-- Extracted material follows --

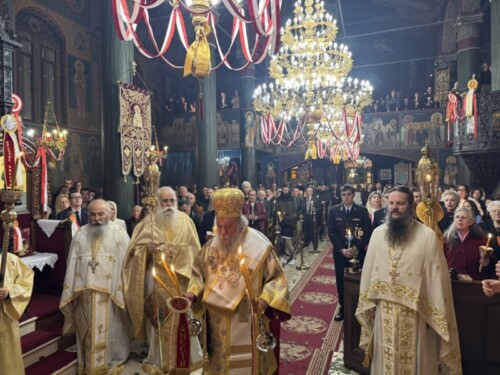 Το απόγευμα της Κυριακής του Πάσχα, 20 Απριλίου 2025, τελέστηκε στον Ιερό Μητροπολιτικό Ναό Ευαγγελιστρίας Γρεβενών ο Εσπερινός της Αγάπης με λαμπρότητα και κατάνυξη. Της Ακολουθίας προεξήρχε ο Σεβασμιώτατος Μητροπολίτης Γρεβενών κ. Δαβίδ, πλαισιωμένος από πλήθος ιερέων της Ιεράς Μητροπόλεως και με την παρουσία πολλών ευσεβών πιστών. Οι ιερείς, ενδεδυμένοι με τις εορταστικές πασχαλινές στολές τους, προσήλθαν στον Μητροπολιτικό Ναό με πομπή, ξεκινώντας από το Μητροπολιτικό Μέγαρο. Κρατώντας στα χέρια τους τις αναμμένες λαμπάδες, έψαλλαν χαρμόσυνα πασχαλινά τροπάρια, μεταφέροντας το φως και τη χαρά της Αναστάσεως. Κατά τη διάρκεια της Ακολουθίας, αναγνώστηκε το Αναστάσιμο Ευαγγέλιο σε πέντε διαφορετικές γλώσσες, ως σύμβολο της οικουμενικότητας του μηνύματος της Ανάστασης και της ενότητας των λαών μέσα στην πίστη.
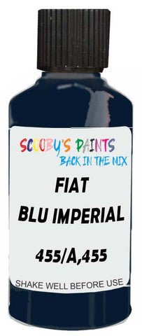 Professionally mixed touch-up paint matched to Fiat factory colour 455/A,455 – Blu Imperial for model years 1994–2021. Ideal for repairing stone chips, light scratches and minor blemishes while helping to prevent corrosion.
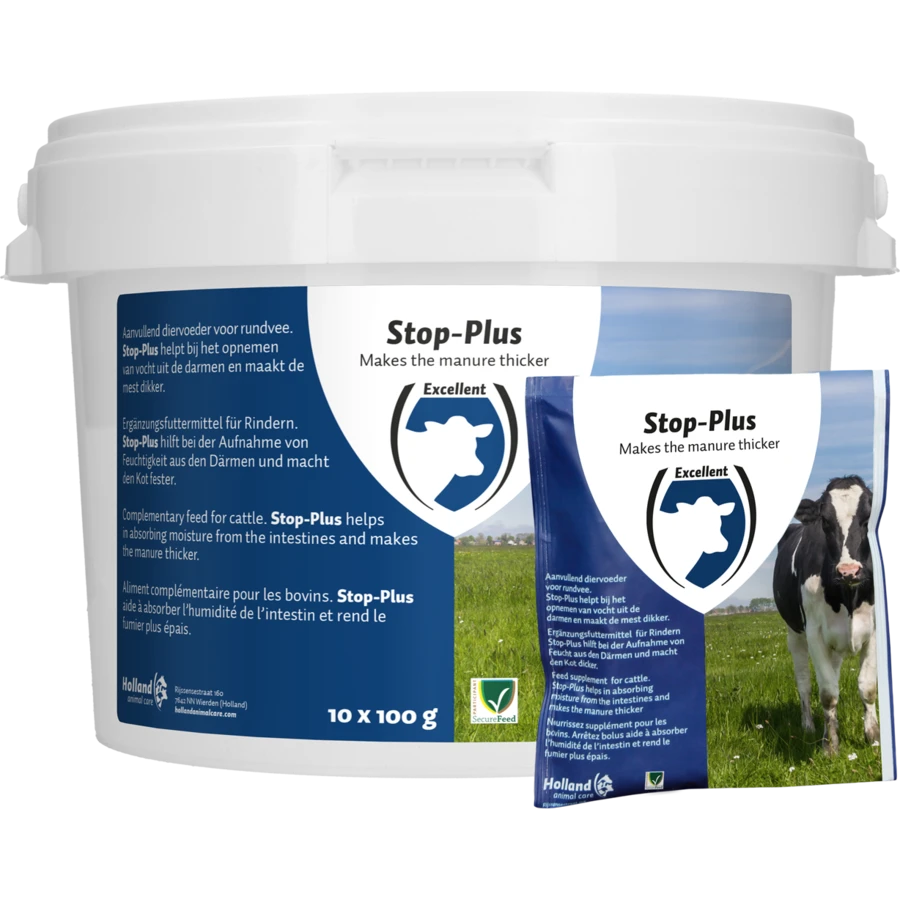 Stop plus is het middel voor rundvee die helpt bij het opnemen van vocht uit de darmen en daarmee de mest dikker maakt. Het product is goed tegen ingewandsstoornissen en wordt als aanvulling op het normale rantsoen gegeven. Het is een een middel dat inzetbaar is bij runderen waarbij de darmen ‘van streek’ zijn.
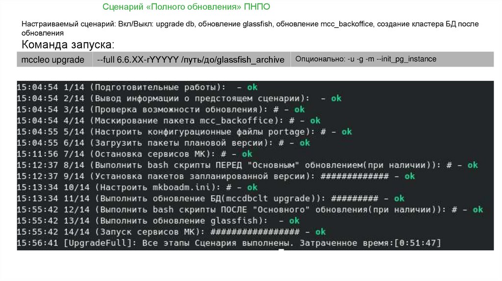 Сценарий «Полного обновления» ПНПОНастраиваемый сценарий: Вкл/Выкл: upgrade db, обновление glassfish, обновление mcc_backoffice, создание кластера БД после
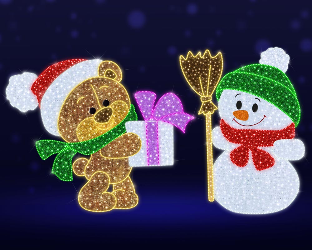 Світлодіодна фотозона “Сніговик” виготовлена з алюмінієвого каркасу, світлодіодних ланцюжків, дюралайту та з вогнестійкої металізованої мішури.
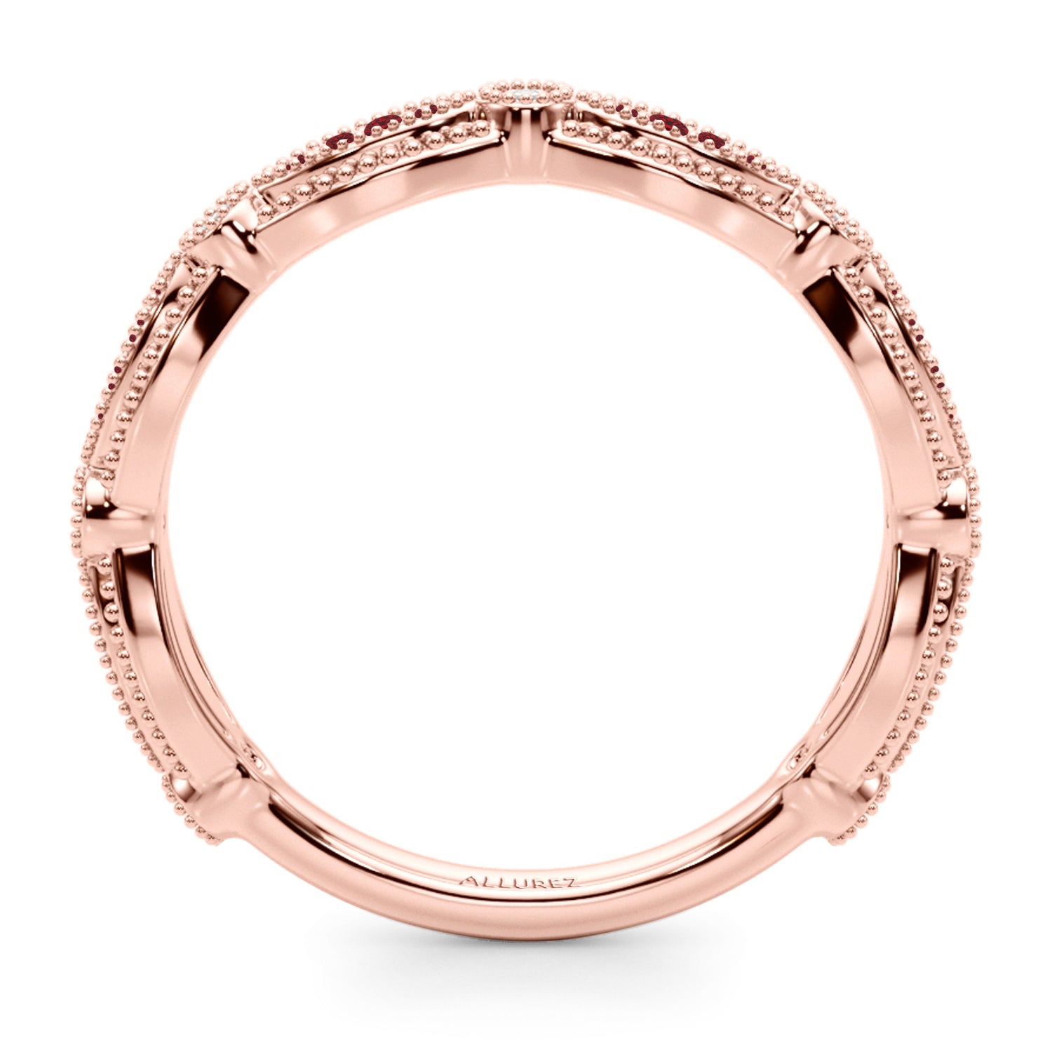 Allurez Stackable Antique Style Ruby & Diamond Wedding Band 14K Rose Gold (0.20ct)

-- Extracted material concluded --
-- Extracted material follows --

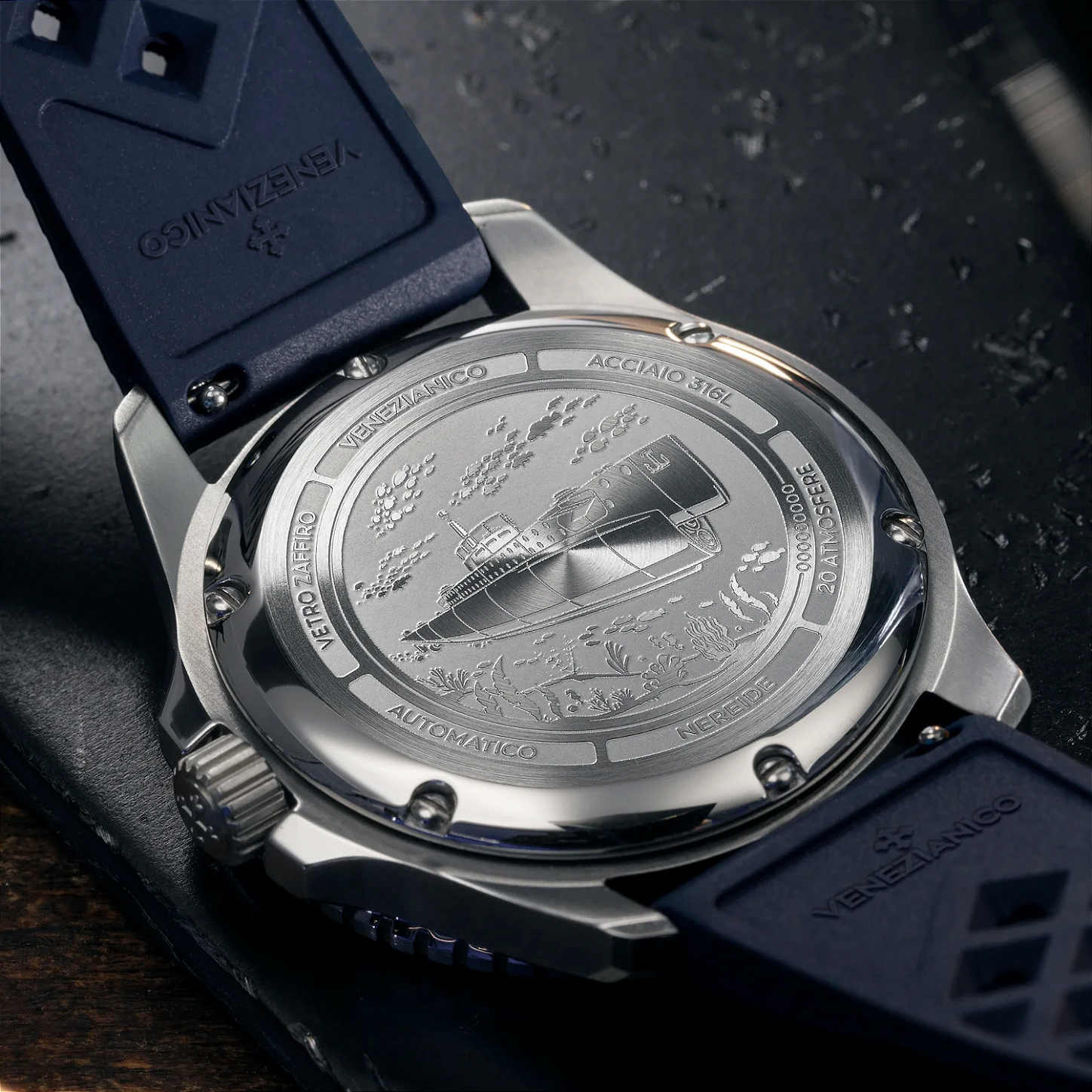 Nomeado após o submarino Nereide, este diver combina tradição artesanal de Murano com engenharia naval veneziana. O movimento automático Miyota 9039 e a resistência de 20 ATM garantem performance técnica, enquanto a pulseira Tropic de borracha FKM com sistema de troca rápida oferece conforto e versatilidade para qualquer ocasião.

-- Extracted material concluded --

What is expected: Taking the entries above, extract every line from the one bearing "вогнестійкої металізованої мішури." through the one bearing "Allurez Stackable Antique", exactly, with no pictures.

Solved problem:
 Світлодіодна фотозона “Сніговик” виготовлена з алюмінієвого каркасу, світлодіодних ланцюжків, дюралайту та з вогнестійкої металізованої мішури.
 Allurez Stackable Antique Style Ruby & Diamond Wedding Band 14K Rose Gold (0.20ct)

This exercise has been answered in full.